## [ABOUT THIS EXERCISE]
Exactly the lines below from the line with "Designed with a" through the line with "Addicted to social" must make up the answer, both ends included and pictures left out.

## [RECORDS SHOWN]

------------------------

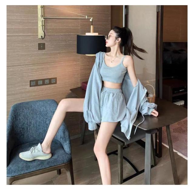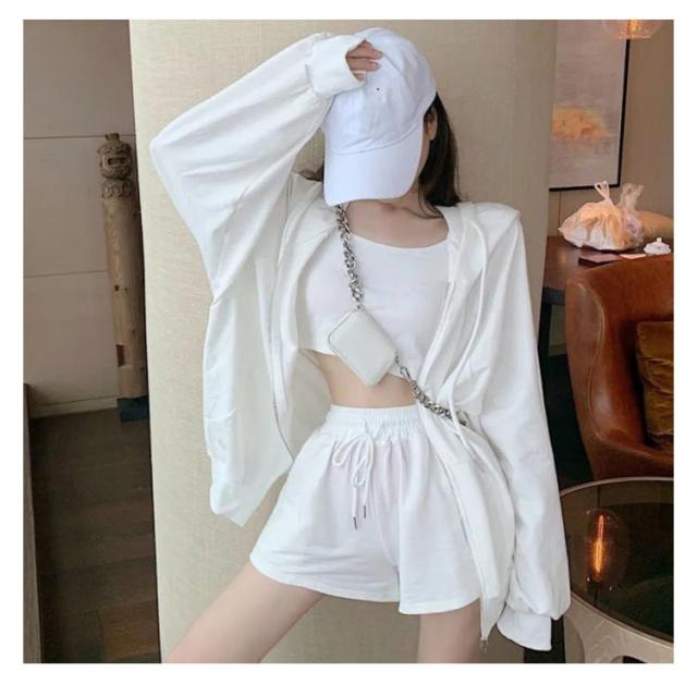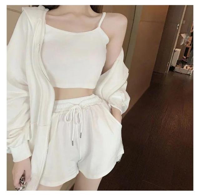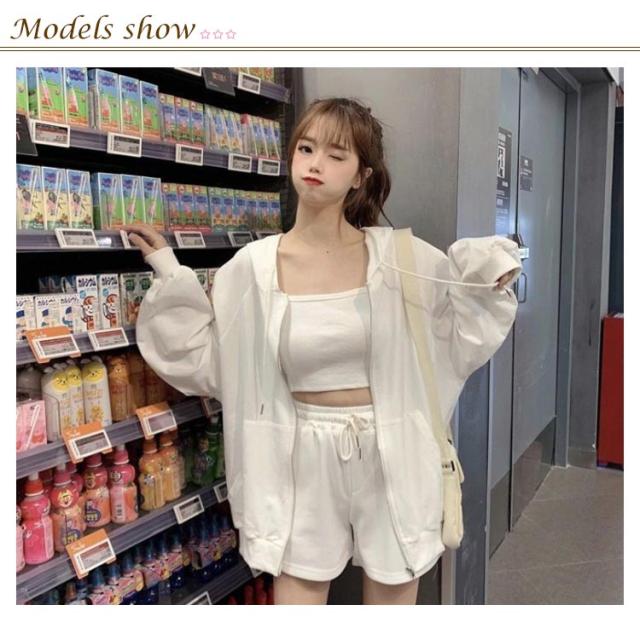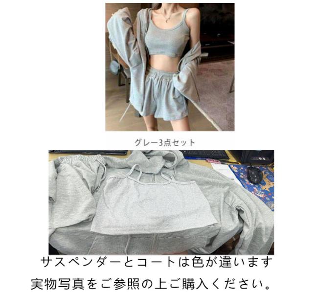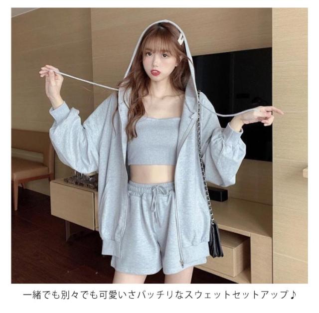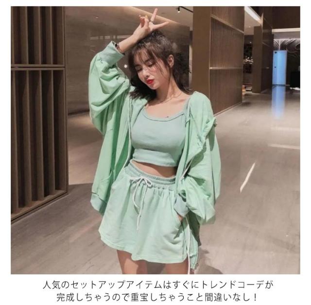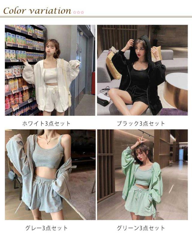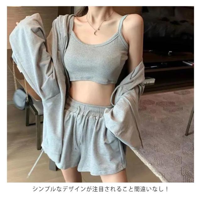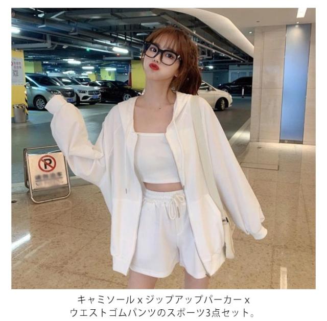 スポーツセットアップ レディース 3点セット パーカー キャミソール ショートパンツ 短パンツ UVパーカー 紫外線対策 春 夏 秋 上下セット スウェット スポーツ カジュアル ユニーク きれいめ 無地 シンプル ゆったり 体型カバー 送料無料 S M L
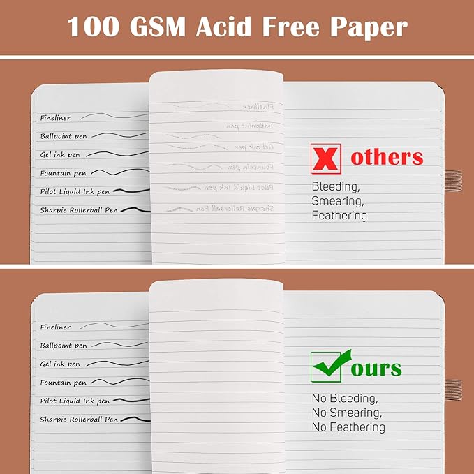 - Fountain Pen Paper: No Bleeding through for most ink pen is our paper's rigorous standard. After hundreds of test, we apply upgraded 100 GSM off-white Acid Free Paper, which helps write smoothly without ghosting, smearing and avoid eyes tiredness.
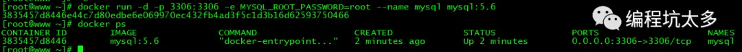 docker run -d -p 3306:3306 --name mysql mysql:5.6
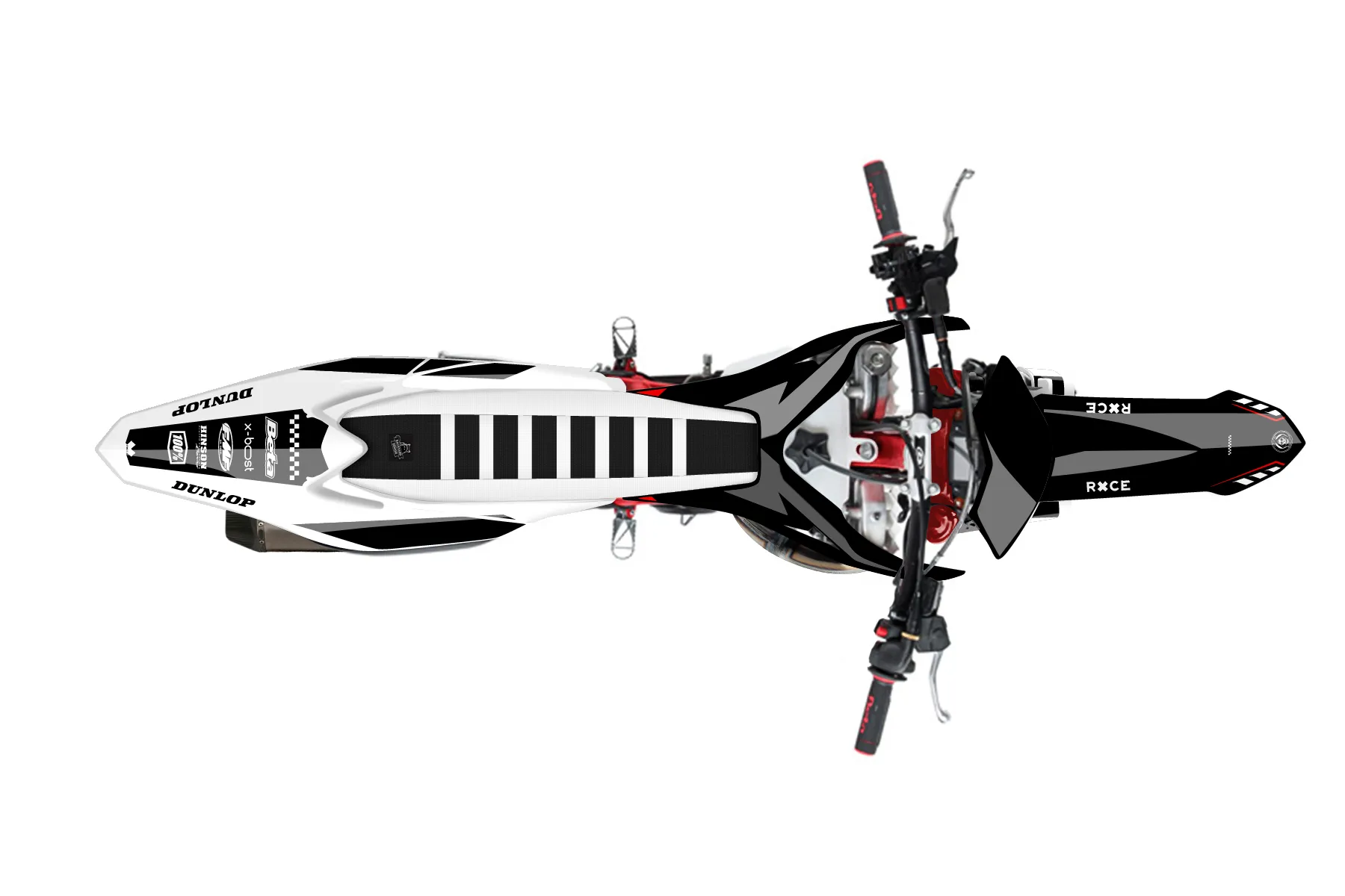 «Dude» — готовый комплект графики серии Maverick для Beta Enduro Graphic Kit Beta RR 250 2022. В комплекте: графика на бак и боковые облицовки, крылья (переднее и заднее), передний щиток, номерные таблички, защита вилки. Материал: ПВХ-винил 80 мкр с холодной ламинацией 300 мкр, общая толщина 380 мкр; покрытие глянцевое или матовое на выбор. Устойчив к UV-излучению, воде, бензину и мойке высокого давления. Клей акриловый на сольвентной основе — постоянный, для гибких пластиков. На простых поверхностях монтируется без нагрева; для сложных изгибов рекомендуем фен. Этот пресет можно заказать как есть или взять за основу в конструкторе: поменять цвета, добавить стартовый номер и свой бренд. Производство — 3–5 рабочих дней, доставка по России СДЭКом или Почтой, по СНГ — курьерскими службами.
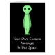 Een afbeelding van een gelukkig buitenaards karakter, deze buitenaardse is groen met grote zwarte ogen.
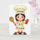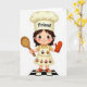 Designed with a cute animated-style little chef at the center, this card features a bright white background that makes the figure stand out. The character wears a puffy cream chef hat with the word “Friend” printed across the front in simple, dark lettering, setting a caring, close-to-you tone ❤️. A sunny yellow shirt peeks out beneath a cream apron covered in tiny frosted cupcakes in soft pastel colors, like small treats meant to be shared with someone special. The chef’s wide eyes and rosy cheeks, along with tidy brown hair, give a gentle, friendly look that feels like a warm hello from a close companion. One hand lifts a wooden spoon as if inviting you into the kitchen for a shared baking moment, while the other wears a bright orange oven mitt for a cozy, homey touch 🌼. Beneath the character, a black-and-white checkerboard floor pattern adds a classic kitchen feel and grounds the scene. The cupcakes on the apron show little swirls of frosting and sprinkles in pink, blue, and yellow against the creamy fabric.
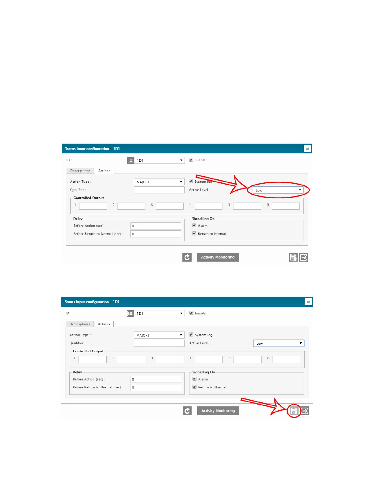 7. Set the Active Level. The Active Level determines when the Status Input will switch
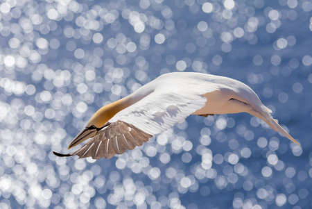 Northern gannet (Sula bassana), beautiful flying sea bird with blue sea water in the background, Helgoland island, Germany
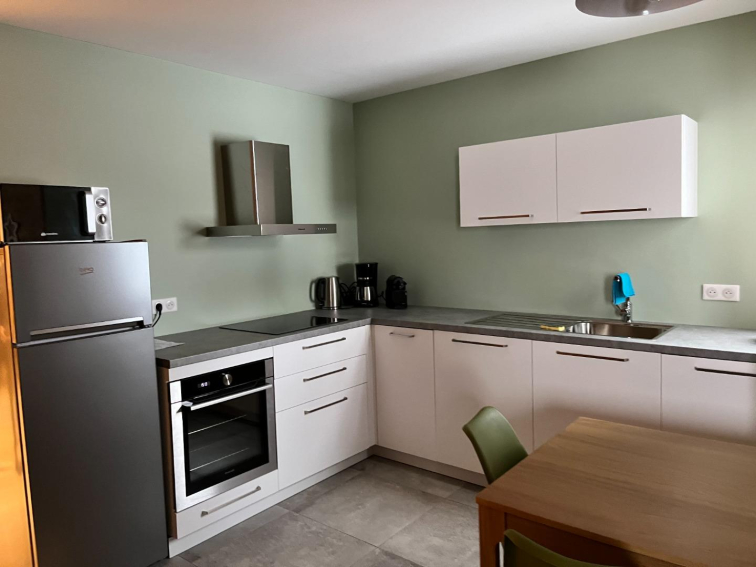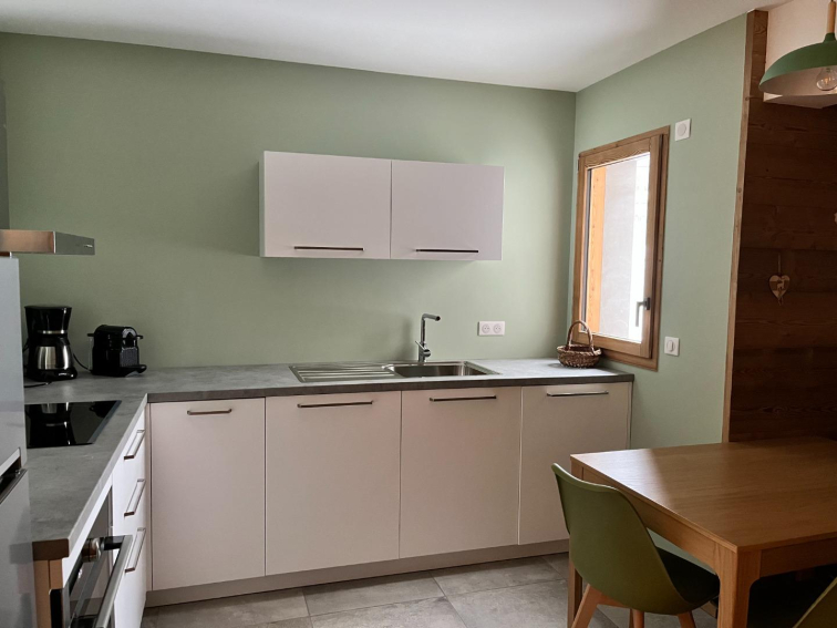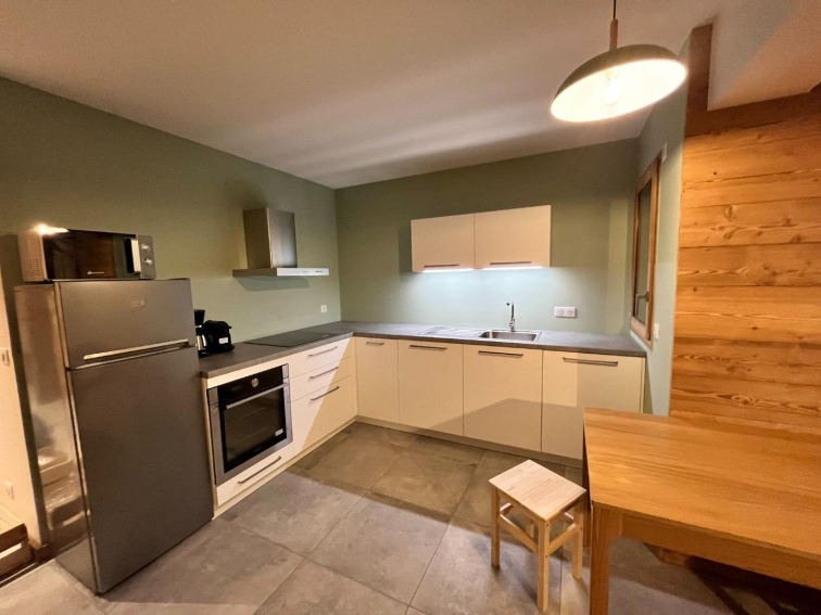 séjour avec coin cuisine équipée, (four, MO, plaque induction, frigo/congel, lave vaisselle, nespresso, bouilloire, cafetière, appareil a raclette, à fondue TV, wifi.
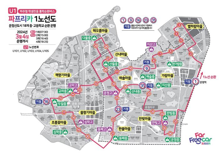 특정학교와 학교 주변 일정 범위의 거리를 오가는 기존의 통학버스와 달리 운정신도시 전 지역, 18개 중.고등학교를 모두 잇는 파주형 통학순환버스는 '파프리카'라는 명칭 속에 담긴 의미처럼 학생들이 모두 함께 자유로이 이용할 수 있는 버스다.
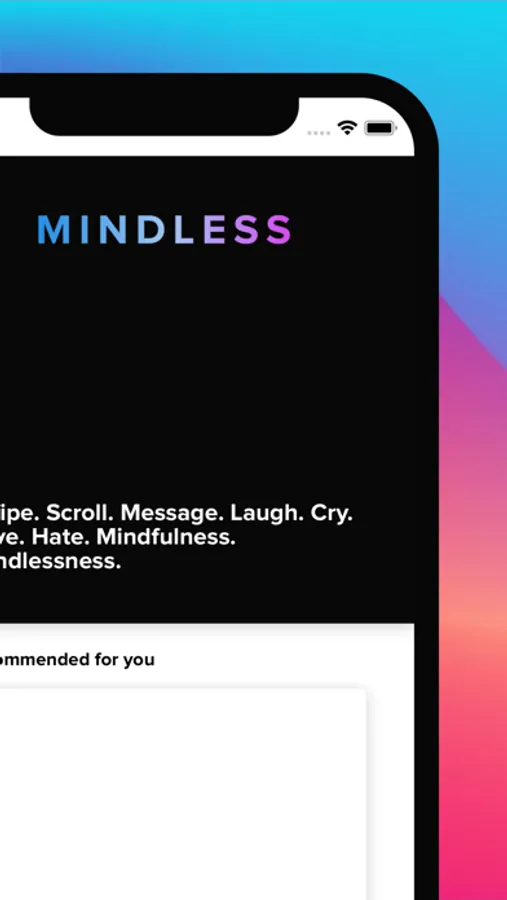 Addicted to social media? Feeling stressed? Apps make you feel alone? Well you're not alone, as many of the most popular apps have been designed this way, to be addictive. With Mindless, you can combat that addiction by mindfully scrolling, swiping, liking, etc. It's like the apps you love/hate, but without targeted ads, fake news, or any content really. After using Mindless, maybe, you can just put down your phone. Mindless is recommended as the #1 Phone Addiction and Mindfulness App, by people who are not experts at anything, from all around the world.
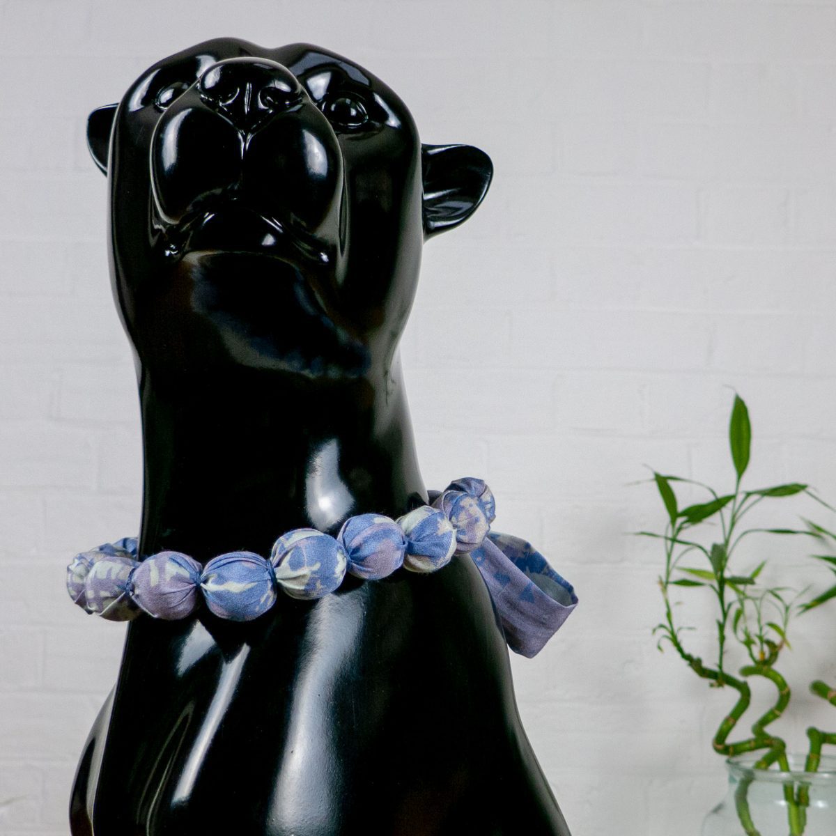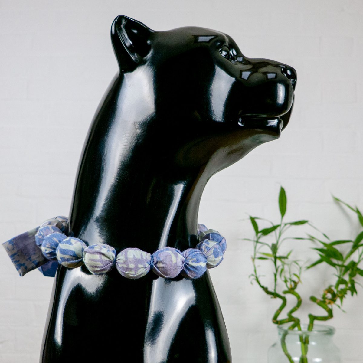 Each necklace is made from recycled swatches of silk-cotton fabric and is 100% handmade by me, the designer. Each piece takes around an hour and a half to create, from cutting the fabric, stitching it to contain the beads, and individually hand sewing each bead in with cotton embroidery thread.

------------------------

## [SOLUTION TO THIS TASK]
 Designed with a cute animated-style little chef at the center, this card features a bright white background that makes the figure stand out. The character wears a puffy cream chef hat with the word “Friend” printed across the front in simple, dark lettering, setting a caring, close-to-you tone ❤️. A sunny yellow shirt peeks out beneath a cream apron covered in tiny frosted cupcakes in soft pastel colors, like small treats meant to be shared with someone special. The chef’s wide eyes and rosy cheeks, along with tidy brown hair, give a gentle, friendly look that feels like a warm hello from a close companion. One hand lifts a wooden spoon as if inviting you into the kitchen for a shared baking moment, while the other wears a bright orange oven mitt for a cozy, homey touch 🌼. Beneath the character, a black-and-white checkerboard floor pattern adds a classic kitchen feel and grounds the scene. The cupcakes on the apron show little swirls of frosting and sprinkles in pink, blue, and yellow against the creamy fabric.
 7. Set the Active Level. The Active Level determines when the Status Input will switch
 Northern gannet (Sula bassana), beautiful flying sea bird with blue sea water in the background, Helgoland island, Germany
 séjour avec coin cuisine équipée, (four, MO, plaque induction, frigo/congel, lave vaisselle, nespresso, bouilloire, cafetière, appareil a raclette, à fondue TV, wifi.
 특정학교와 학교 주변 일정 범위의 거리를 오가는 기존의 통학버스와 달리 운정신도시 전 지역, 18개 중.고등학교를 모두 잇는 파주형 통학순환버스는 '파프리카'라는 명칭 속에 담긴 의미처럼 학생들이 모두 함께 자유로이 이용할 수 있는 버스다.
 Addicted to social media? Feeling stressed? Apps make you feel alone? Well you're not alone, as many of the most popular apps have been designed this way, to be addictive. With Mindless, you can combat that addiction by mindfully scrolling, swiping, liking, etc. It's like the apps you love/hate, but without targeted ads, fake news, or any content really. After using Mindless, maybe, you can just put down your phone. Mindless is recommended as the #1 Phone Addiction and Mindfulness App, by people who are not experts at anything, from all around the world.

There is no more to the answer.